Indeed, new tools and new techniques—particularly open source technologies such as Google’s word2vec neural text processing tool—combined with steady increases in computing power, have broadened the potential for natural language processing far beyond the research lab or supercomputer. In domains as varied as finding pertinent news for a company’s potential investors to making hyper-personalized recommendations for online shopping to making music recommendations on streaming radio services, NLP is enabling everyday human-computer interaction in an ever-increasing range of venues. In the process, some of these advances are not only redefining what computers and humans can accomplish together, but also the very concept of what deep learning is.

Back to Top

Vectors Deep or Wide

One approach to natural language processing that has gained enormous traction in the past several years is representing words as vectors—that is, each word is given a series of scores that position it in an arbitrary space.

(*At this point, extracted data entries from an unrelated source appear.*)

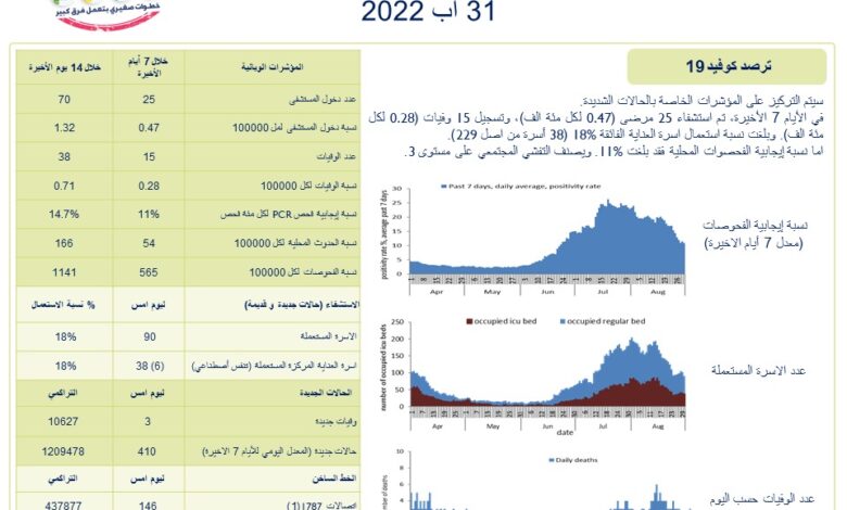 أعلنت وزارة الصحة العامة عن تسجيل 410 إصابات جديدة بفيروس كورونا ليرتفع العدد التراكمي للإصابات منذ بدء انتشار الوباء إلى 1209478.
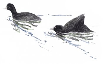 Après plusieurs controverses lacustres, la flottille de macroules s’accorde une trêve. Une à une, les frégates se transforment en sous-marins. Un bref saut sur place pour prendre de l’élan et… plouf ! Elles plongent à la verticale. Dix secondes plus tard, les voilà qui remontent à la surface comme des gros bouchons avec un bout de zostère ou de characée dans le bec. Elles avalent les algues en secouant la tête avant de s’immerger à nouveau pour une nouvelle pêche.
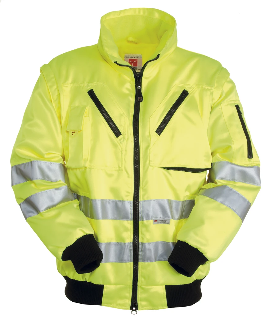 Men’s high-visibility, lightweight jacket with 3M stripes, 8 mm plastic zip with double metal pull, elasticated cuffs and hem, two front pockets with zip, two breast pockets with zip, mobile phone pocket, one outer zip on the chest for easier printing/embroidery, one multi-function pocket on the sleeve. Pile lining, one inner pocket, zip for easier printing/embroidery
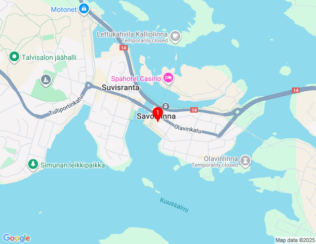 Savonlinna, Swedish Nyslott, is a small city in [wiki=1322c03b4d2af85ce1b025945ffa8682]South Savonia[/wiki] province, [wiki=d5960a98055361030d287db91e451dd6]Eastern Finland[/wiki], close to the [wiki=5feb168ca8fb495dcc89b1208cdeb919]Russia[/wiki]n border.
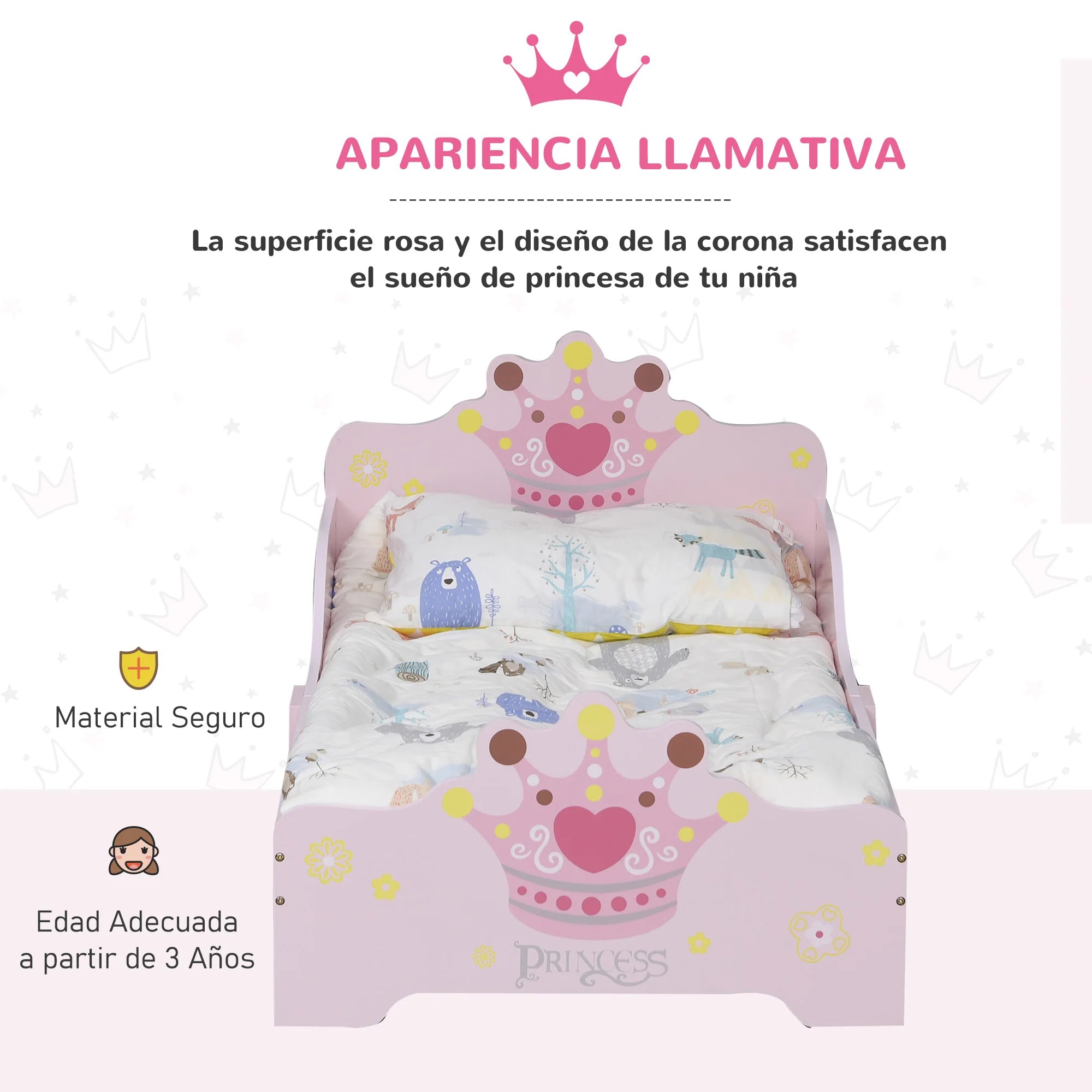 Letto HOMCOM per bambini + 3 anni 143x73x60 cm carico 50 kg rosa
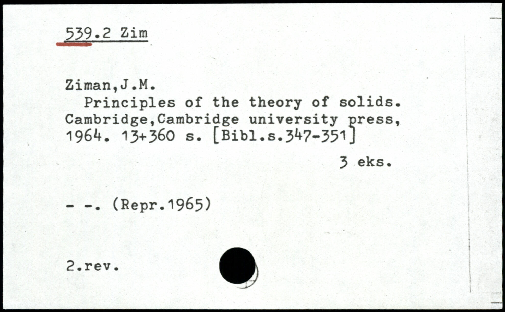 Principles of the theory of solids. Cambridge,Cambridge university press, 196...
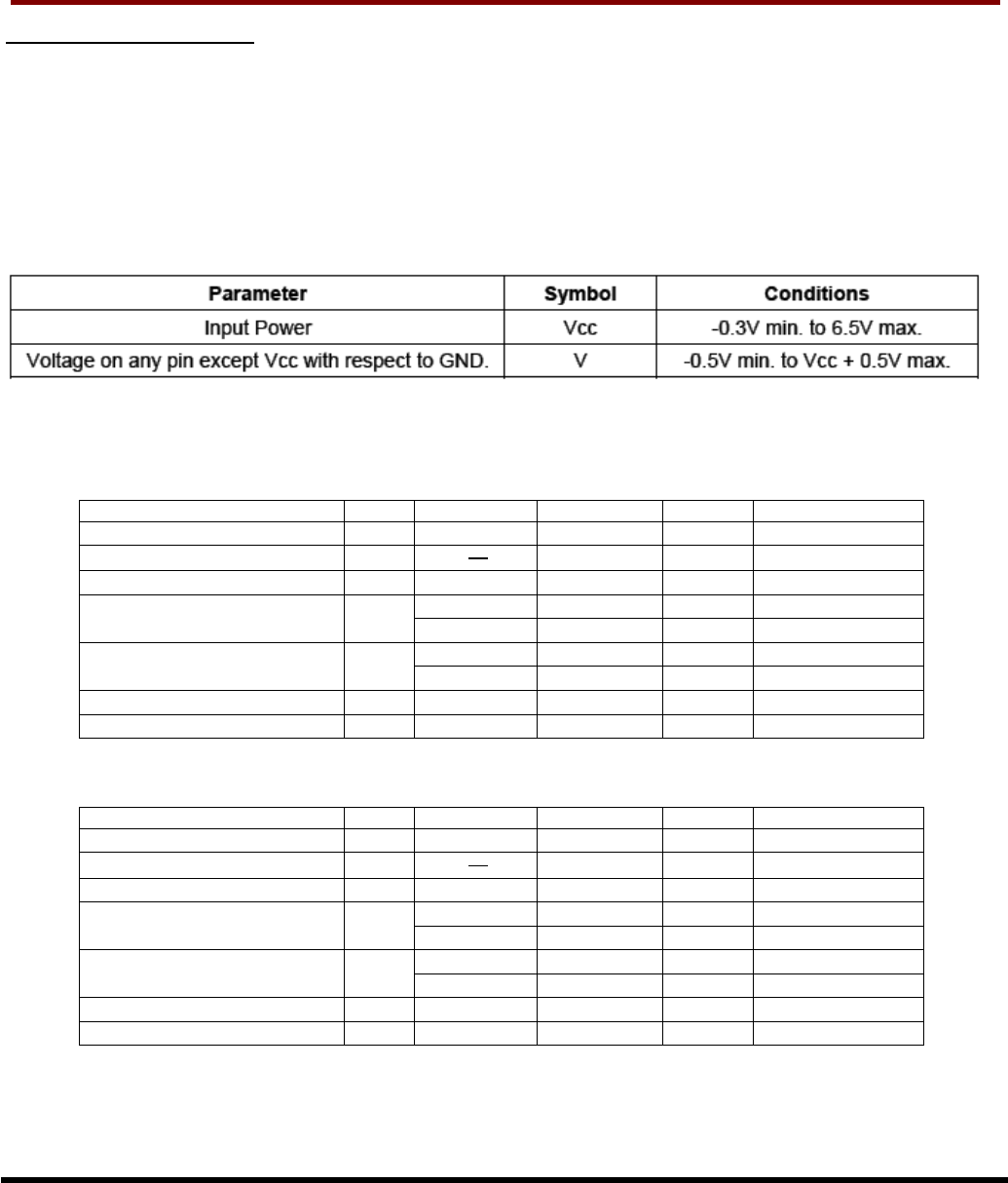The following tables indicate all D.C. Characteristics for the CompactFlash Storage Card. Unless
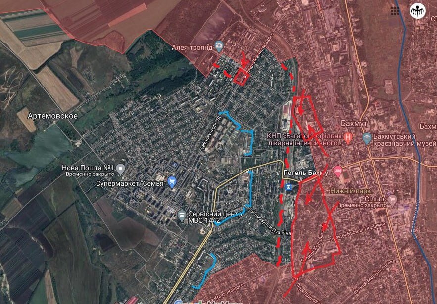 На окраинах Богдановки и Ор-Вас продолжаются бои. В самом городе тоже – и бои тяжелые. Если ранее сообщалось о боях западнее ж-д ст. Бахмут-1, то вчера: «В центре города «оркестранты» вышли к ж/д вокзалу». Поэтому по-прежнему считаю бессмысленным отслеживать улицу за улицей, очищенной от нечисти. Другое дело, что сопротивление пр-ка здесь давно уже лишено здравого смысла, но когда будет отдан приказ об отступлении, можно лишь гадать.
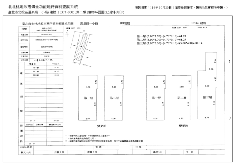 - 另10374建號之1樓、2樓、3樓及3樓頂層增建部份(即本件拍賣標的,已經地政事務所編列臨時12716建號,座落地號為溫泉段一小段187地號,1樓、2樓、3樓及3樓頂層增建部分面積約分別為50.42平方公尺、52.26平方公尺、35.39平方公尺、42.21平方公尺,權利範圍為全部)。12716建號係未辦保存登記之建物增建部份,拍定後無法以權利移轉證書辦理建物登記(另請注意,此部分如經主管機關認定為違建,則有遭拆除風險,此部分請應買人慎重列入評估),且本件拍賣物以建物現況拍賣,當事人及拍定人均不得以面積不符,請求增減價金。
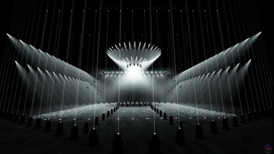 精美绝伦,多角度、多方位变化的灯光秀,展现了光与空间的完美融合

This principle was explained by deep learning pioneer Geoffrey Hinton at a recent presentation to the Royal Society, the U.K. national academy of science. Hinton, a distinguished researcher for Google and distinguished professor emeritus at the University of Toronto, said, “The first thing you do with a word symbol is you convert it to a word vector. And you learn to do that, you learn for each word how to turn a symbol into a vector, say, 300 components, and after you’ve done learning, you’ll discover the vector for Tuesday is very similar to the vector for Wednesday.”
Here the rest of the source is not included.